Traditional protection mechanisms use hardware: the virtual memory subsystem of a computer is used by an operating system to ensure that one process cannot "attack" the memory space of another process. But when two processes that don't quite trust each other need to communicate -- as when your browser sends events to the applet, and the applet draws in its browser window -- hardware protection is clumsy, and an object-oriented interface if much more efficient and expressive.

Computer scientists have long researched the use of programming-language type-checking as a protection mechanism that doesn't need hardware support. Java is the most widely used language to work this way, but what I'll say also applies to other languages such as Modula-3 and ML.

Perhaps applets are merely toys, but in the real world it's very common to build applications from components, where you don't have control over all the components. What can you say about the security of a system you build from untrusted components?

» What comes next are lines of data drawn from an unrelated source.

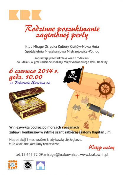 Szalony Kapitan Jim zabierze dzieci i rodziców w niezwykłą podróż po morzach i oceanach zabaw oraz konkursów. W programie imprezy organizowanej przez Klub Mirage Ośrodka Kultury Kraków-Nowa Huta (os. Bohaterów Września 26) gra rodzinna oraz wiele innych atrakcji w Pirackiej Akademii, której uczestnicy będą poszukiwać zaginionej perły. Mile widziane kostiumy w klimacie imprezy.
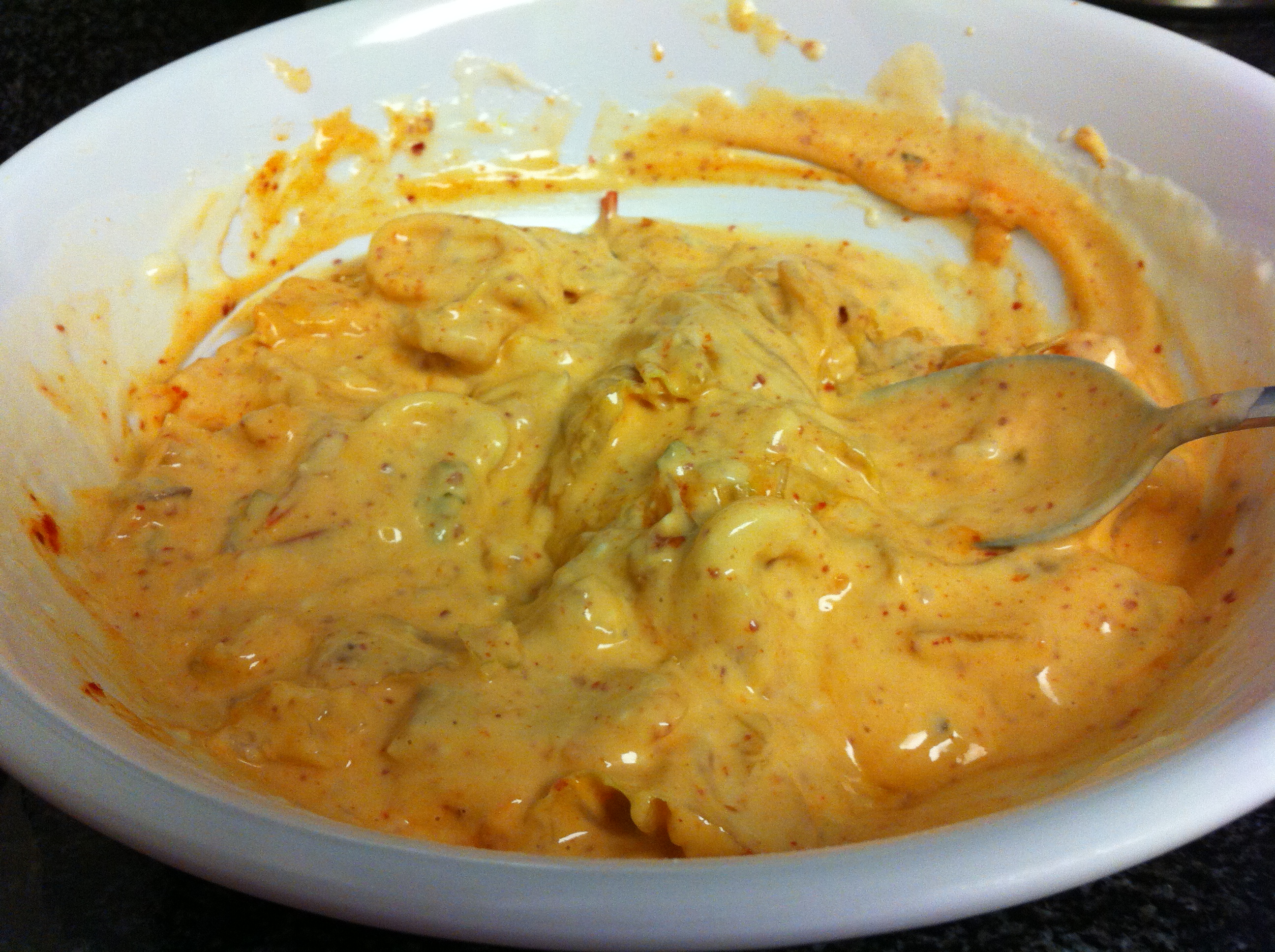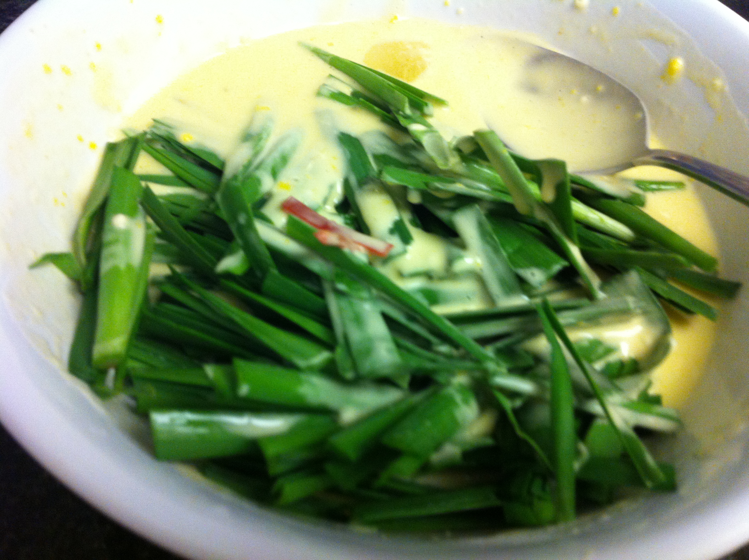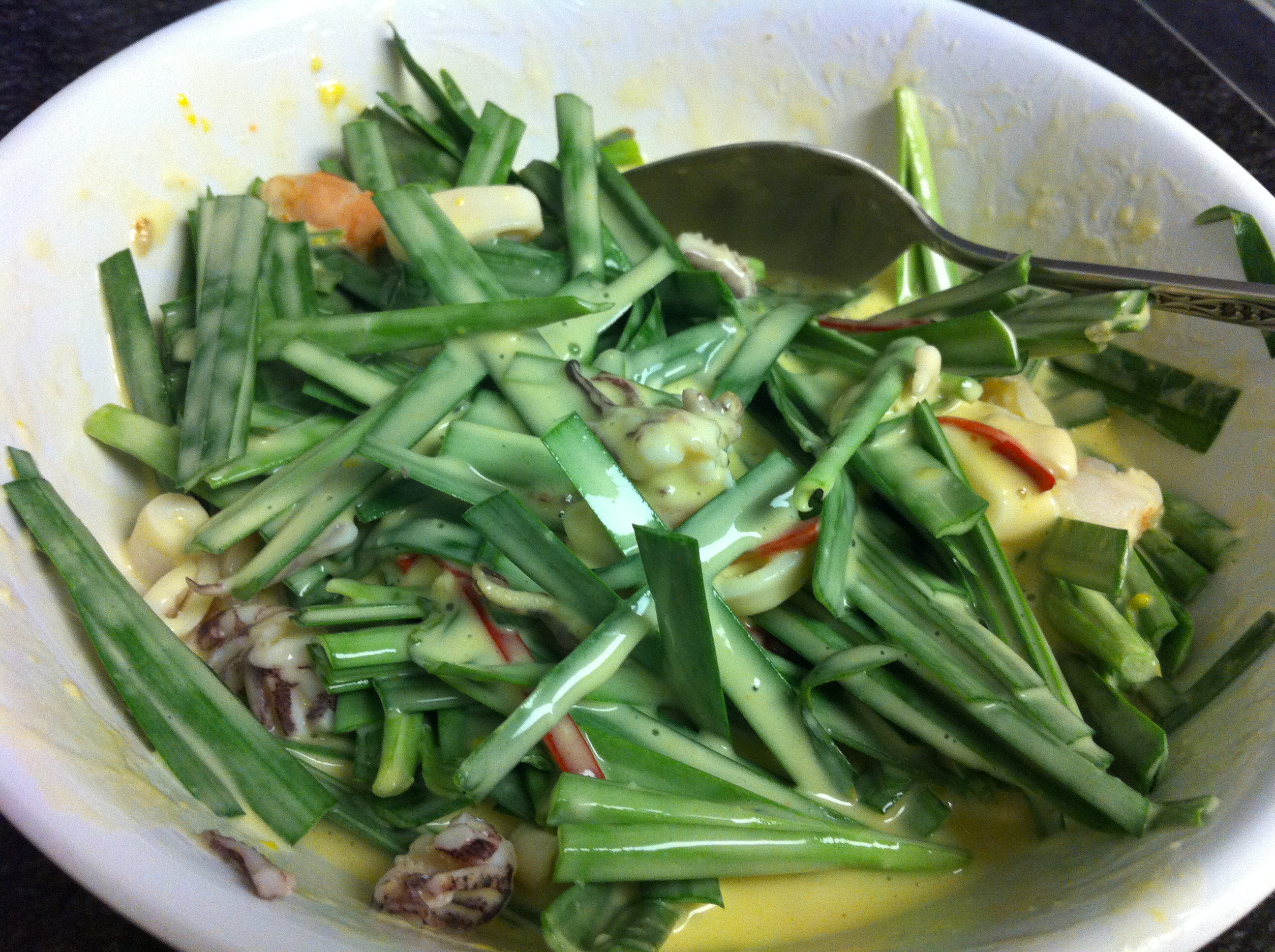 - Mix in the seafood, red chili and boochu. Gently stir the mixture with a spoon so the chives do not get bruised. You will notice that the batter in just enough to coat the chives and seafood, which is perfect.
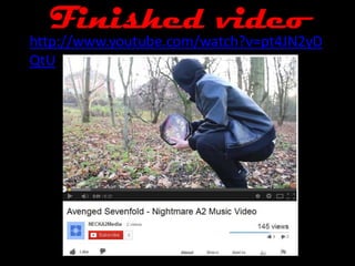 The document discusses the evaluation of a media production project. It describes how new media technologies were used at different stages of the project. During filming, DSLR cameras and tripods were used to capture footage. Poor camera settings on one camera resulted in low quality shots, but these were incorporated into the final video as point-of-view shots. Photoshop was used to edit images and create artwork for promotional materials. Audience feedback on the video was generally positive and highlighted effective elements like the opening sequence, but also noted areas for improvement such as adding more narrative footage.

In a type-safe language, if it type-checks then it can't go wrong. The technical term "go wrong" means to mistake an integer for a pointer, to dereference a pointer at the wrong type, to access a private variable from outside its class, and so on. If a Java class doesn't go wrong, then it can't trash the private variables of other classes to which it is linked. If you link to Java classes, they may have bugs, but you can still rely on your own classes' private variables. So you may not be able to guarantee the correctness of the system you build (if there's a bug in the arithmetic component it might not compute the customer's taxes right) but you can hope to guarantee the safety (it won't trash the customer's disk).

The JIT security hole

Most JVM's don't interpret the Java bytecodes directly -- they Just-In-Time compile the byte codes to native machine code, and execute the native code, which is about ten times faster. The problem is that the Java verifier type-checks the bytecodes, not the native code. So if there's a bug in the JIT, then the native code might go wrong.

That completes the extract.